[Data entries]
————

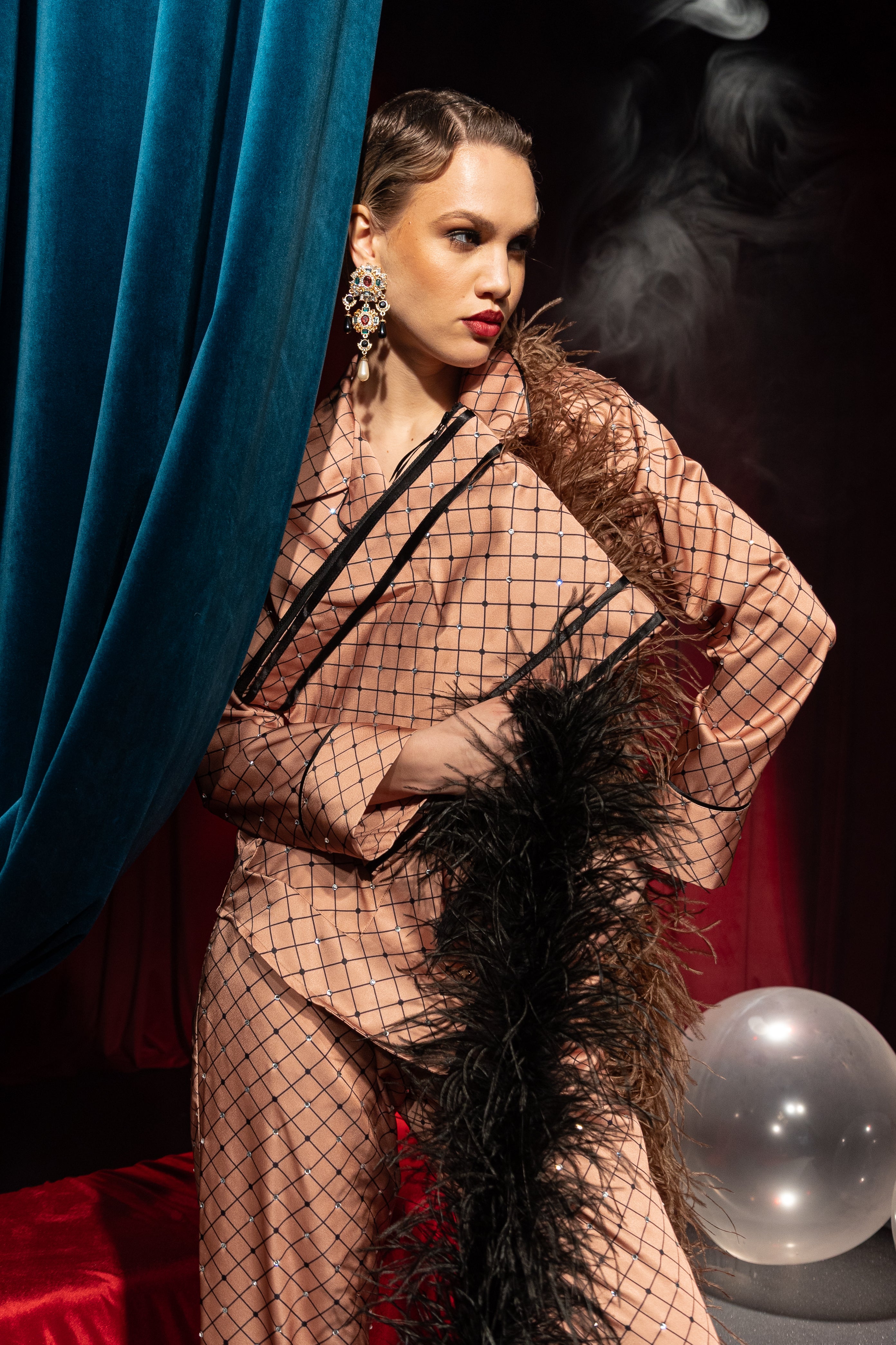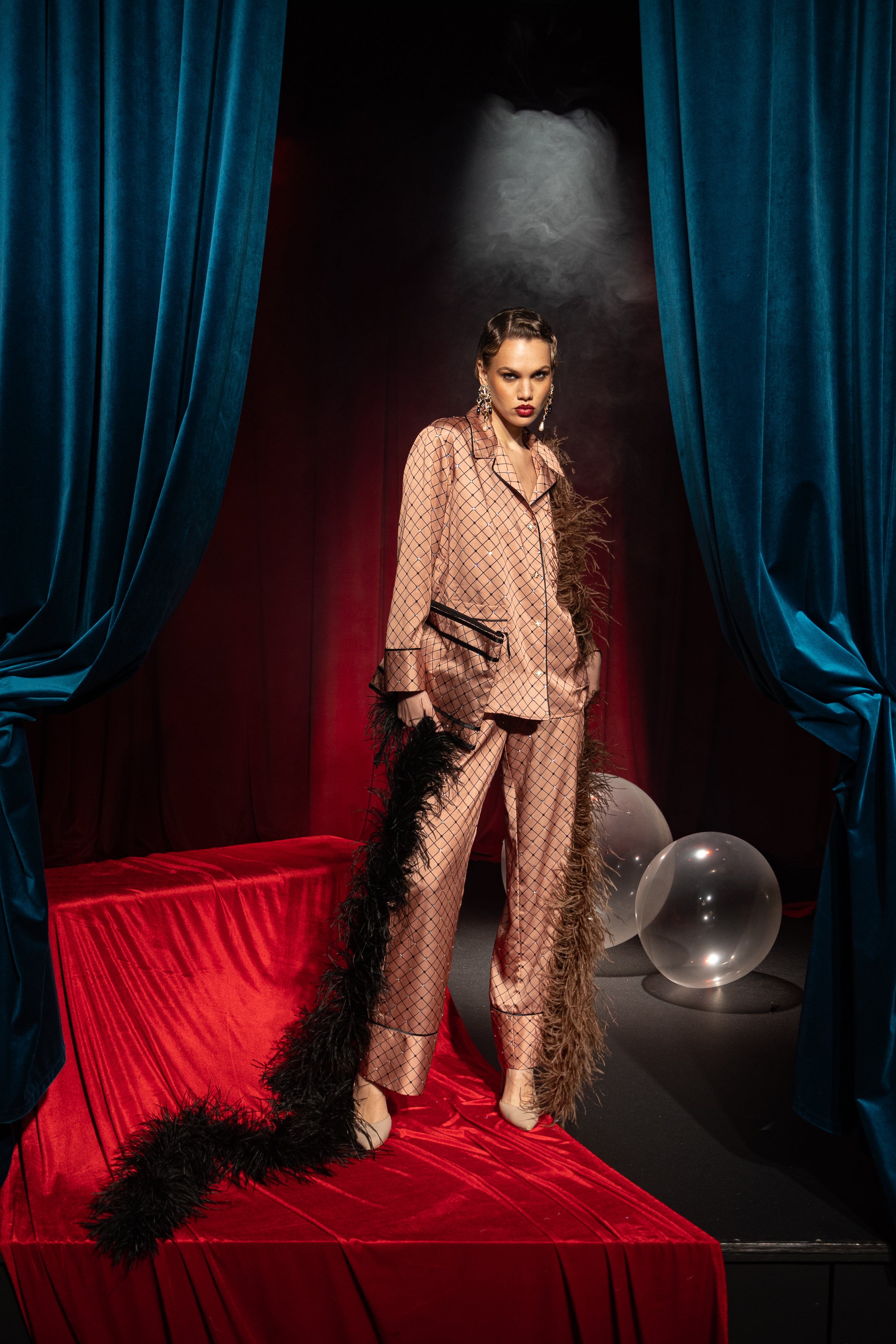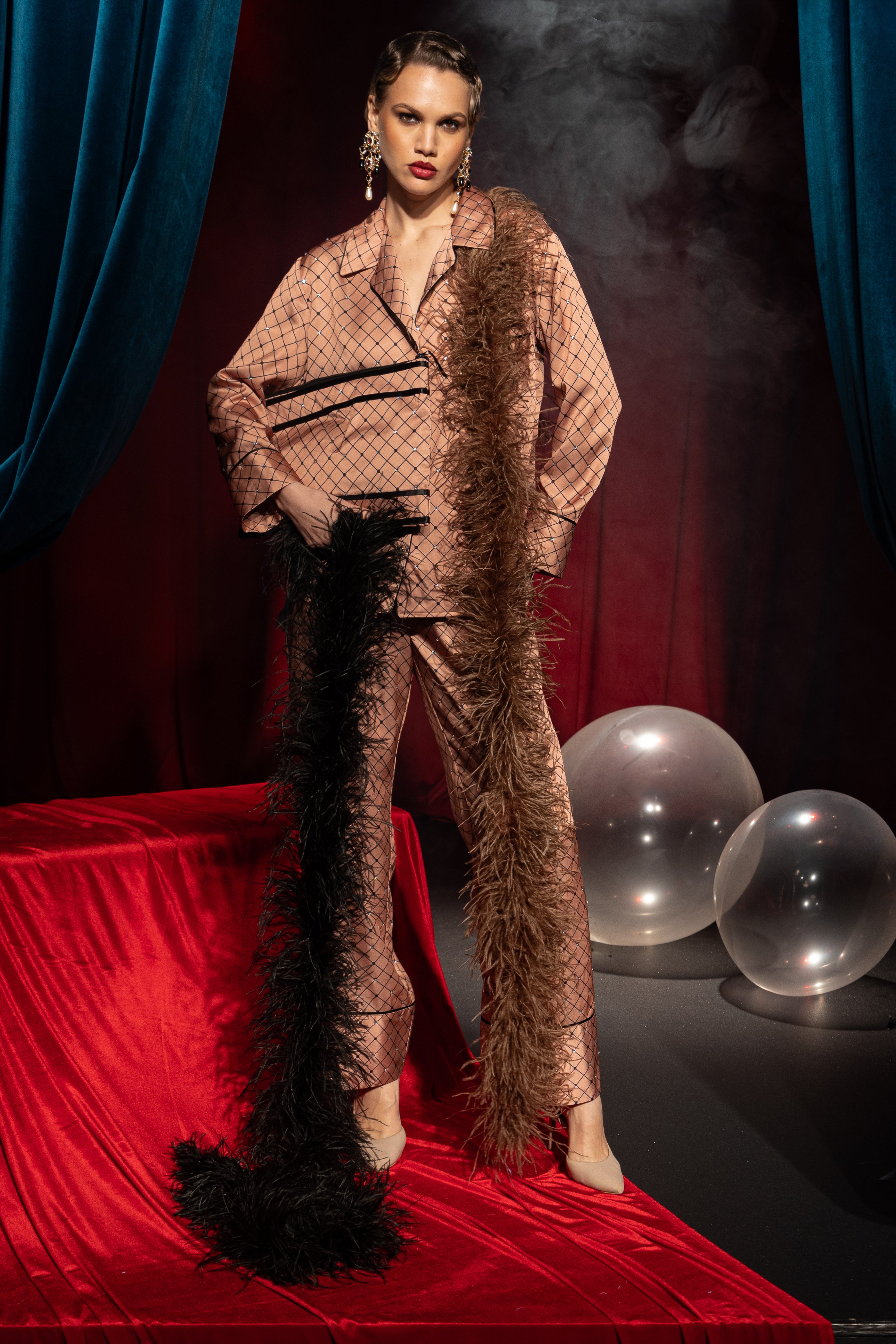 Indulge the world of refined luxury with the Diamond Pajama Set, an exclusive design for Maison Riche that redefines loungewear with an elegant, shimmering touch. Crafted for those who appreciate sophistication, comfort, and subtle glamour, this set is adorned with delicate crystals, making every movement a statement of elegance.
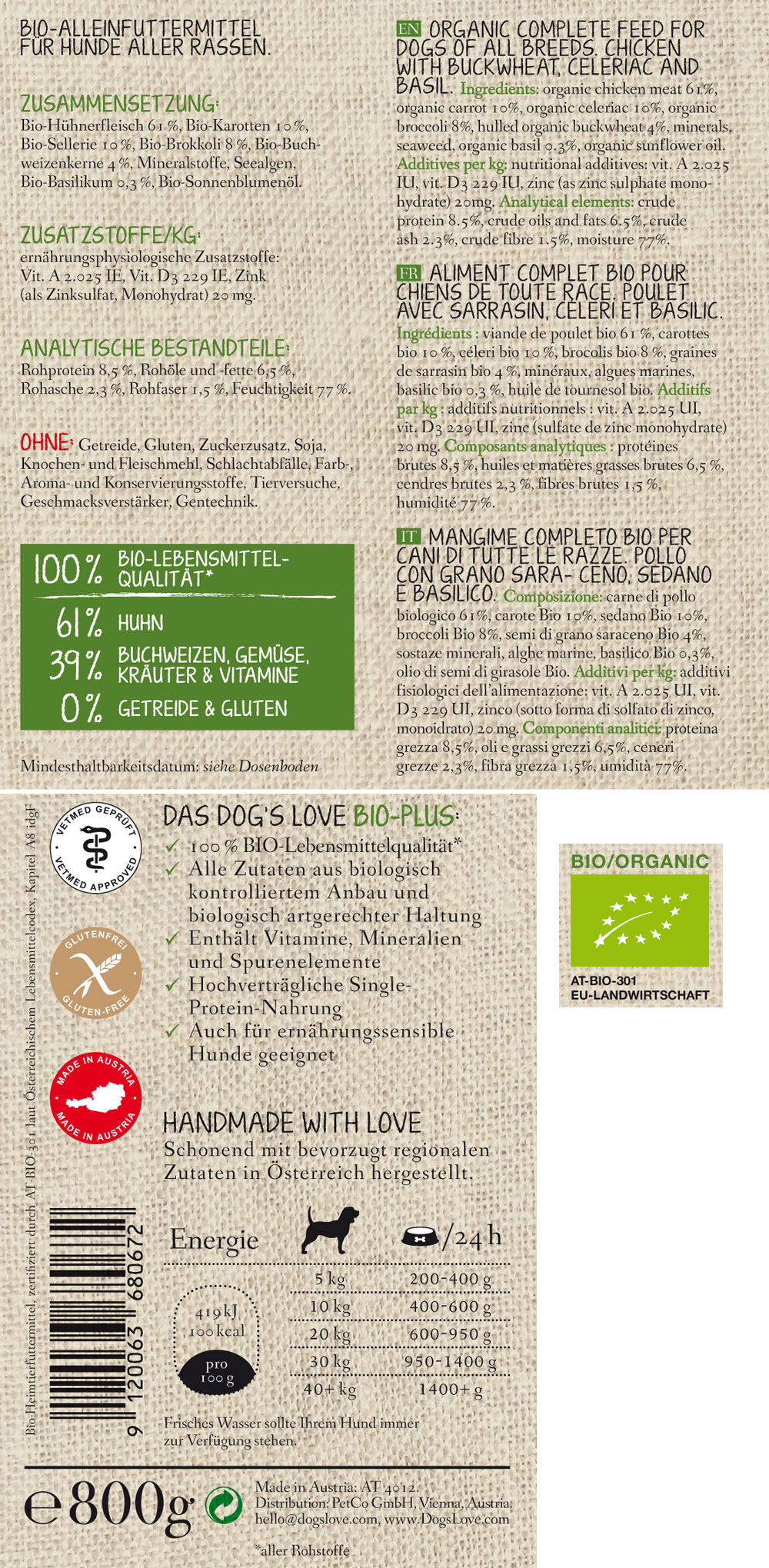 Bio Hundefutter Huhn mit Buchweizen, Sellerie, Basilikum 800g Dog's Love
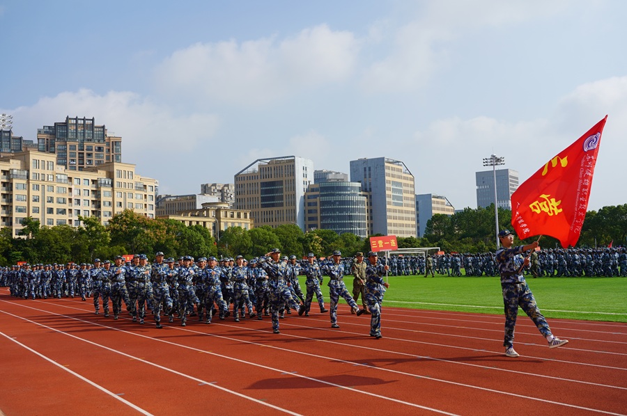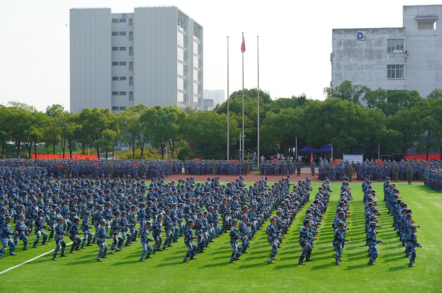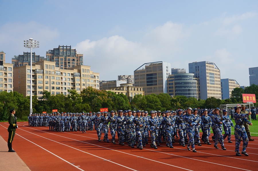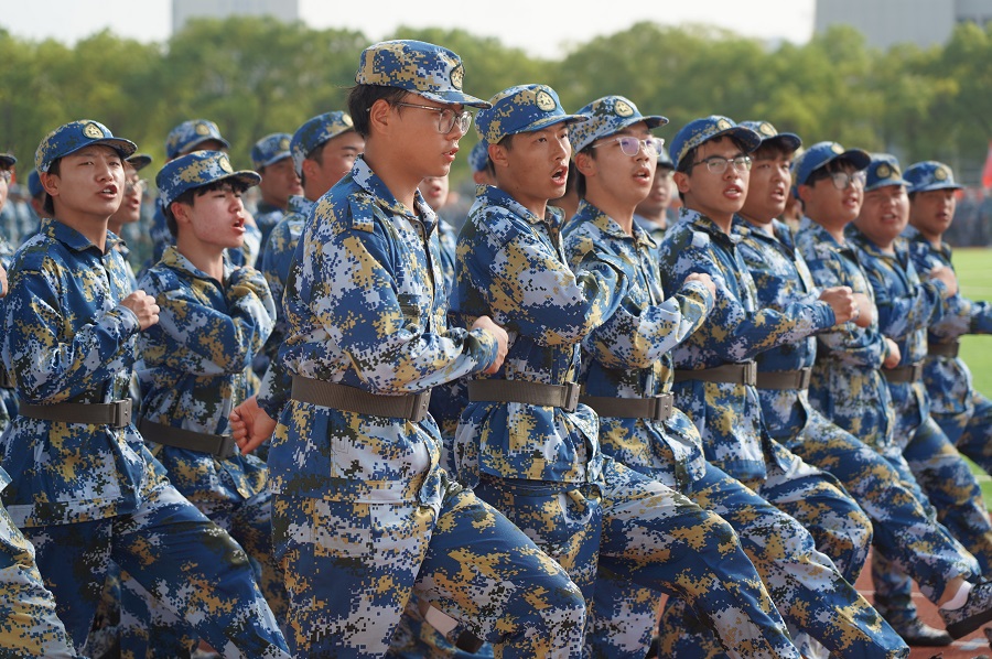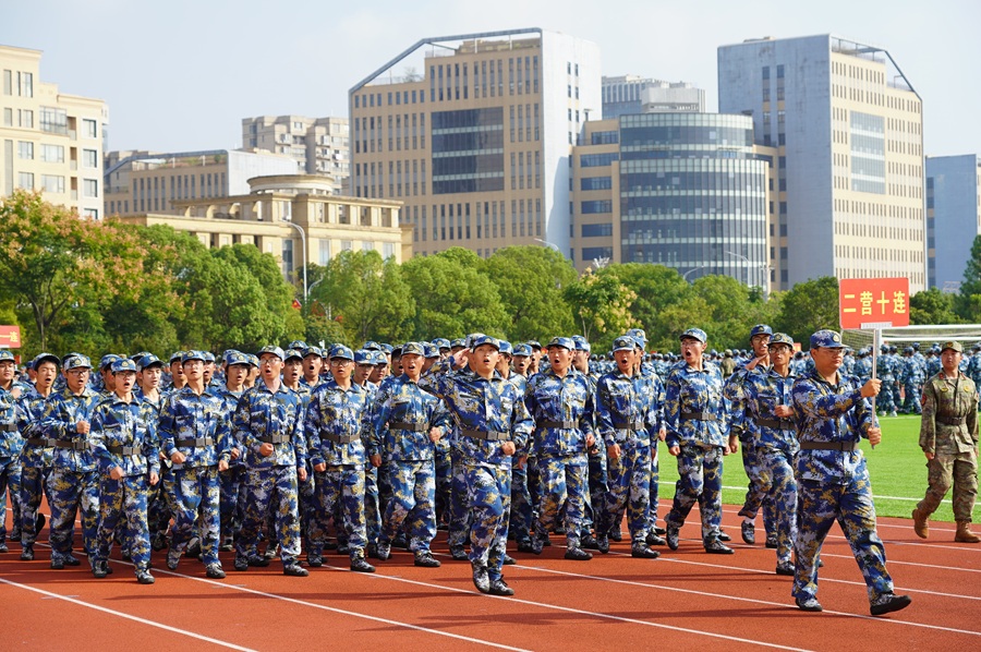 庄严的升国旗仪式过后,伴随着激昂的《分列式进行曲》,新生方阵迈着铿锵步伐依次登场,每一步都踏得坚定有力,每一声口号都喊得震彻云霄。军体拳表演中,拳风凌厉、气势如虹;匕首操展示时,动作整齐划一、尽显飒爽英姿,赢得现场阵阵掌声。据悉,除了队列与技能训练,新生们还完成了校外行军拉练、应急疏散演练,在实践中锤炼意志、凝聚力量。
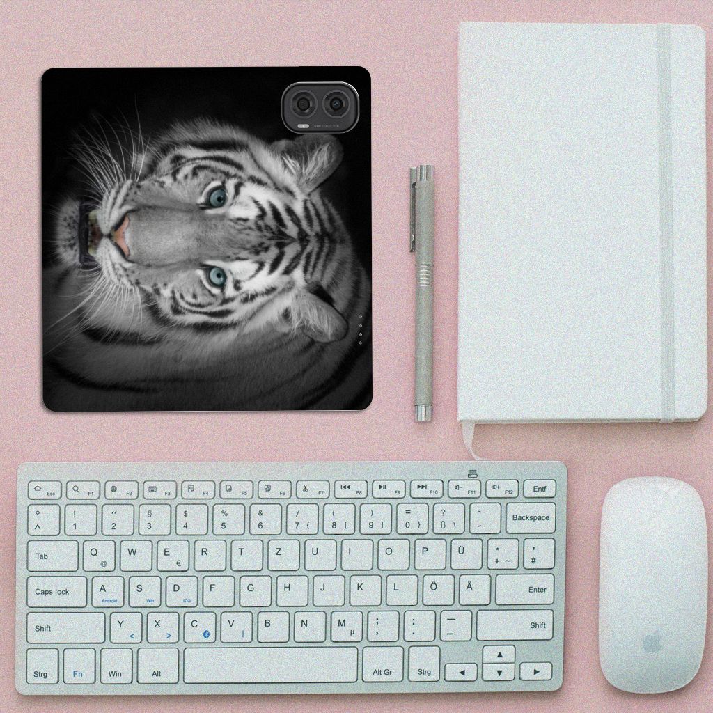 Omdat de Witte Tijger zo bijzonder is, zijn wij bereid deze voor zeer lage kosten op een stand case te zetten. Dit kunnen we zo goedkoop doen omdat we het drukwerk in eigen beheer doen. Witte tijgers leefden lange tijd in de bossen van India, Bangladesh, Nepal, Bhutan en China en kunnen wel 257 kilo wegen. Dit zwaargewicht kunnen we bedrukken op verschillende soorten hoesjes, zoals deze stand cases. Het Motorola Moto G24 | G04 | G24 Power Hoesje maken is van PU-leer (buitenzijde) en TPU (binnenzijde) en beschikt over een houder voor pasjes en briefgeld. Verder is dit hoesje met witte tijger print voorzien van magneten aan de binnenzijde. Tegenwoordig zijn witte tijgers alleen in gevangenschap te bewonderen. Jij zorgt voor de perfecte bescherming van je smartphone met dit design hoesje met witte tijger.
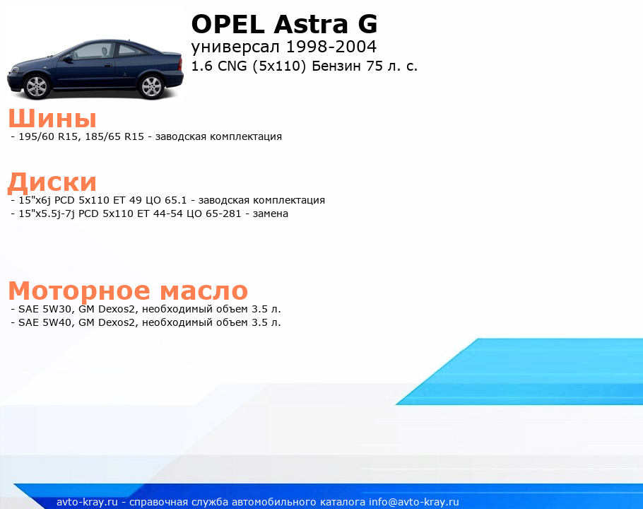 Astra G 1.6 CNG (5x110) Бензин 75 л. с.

————

REQUIRED WORK: Write out the records above exactly. Begin with the first line, end with the line holding "庄严的升国旗仪式过后,伴随着", and drop the pictures.

TASK RESPONSE:
 Indulge the world of refined luxury with the Diamond Pajama Set, an exclusive design for Maison Riche that redefines loungewear with an elegant, shimmering touch. Crafted for those who appreciate sophistication, comfort, and subtle glamour, this set is adorned with delicate crystals, making every movement a statement of elegance.
 Bio Hundefutter Huhn mit Buchweizen, Sellerie, Basilikum 800g Dog's Love
 庄严的升国旗仪式过后,伴随着激昂的《分列式进行曲》,新生方阵迈着铿锵步伐依次登场,每一步都踏得坚定有力,每一声口号都喊得震彻云霄。军体拳表演中,拳风凌厉、气势如虹;匕首操展示时,动作整齐划一、尽显飒爽英姿,赢得现场阵阵掌声。据悉,除了队列与技能训练,新生们还完成了校外行军拉练、应急疏散演练,在实践中锤炼意志、凝聚力量。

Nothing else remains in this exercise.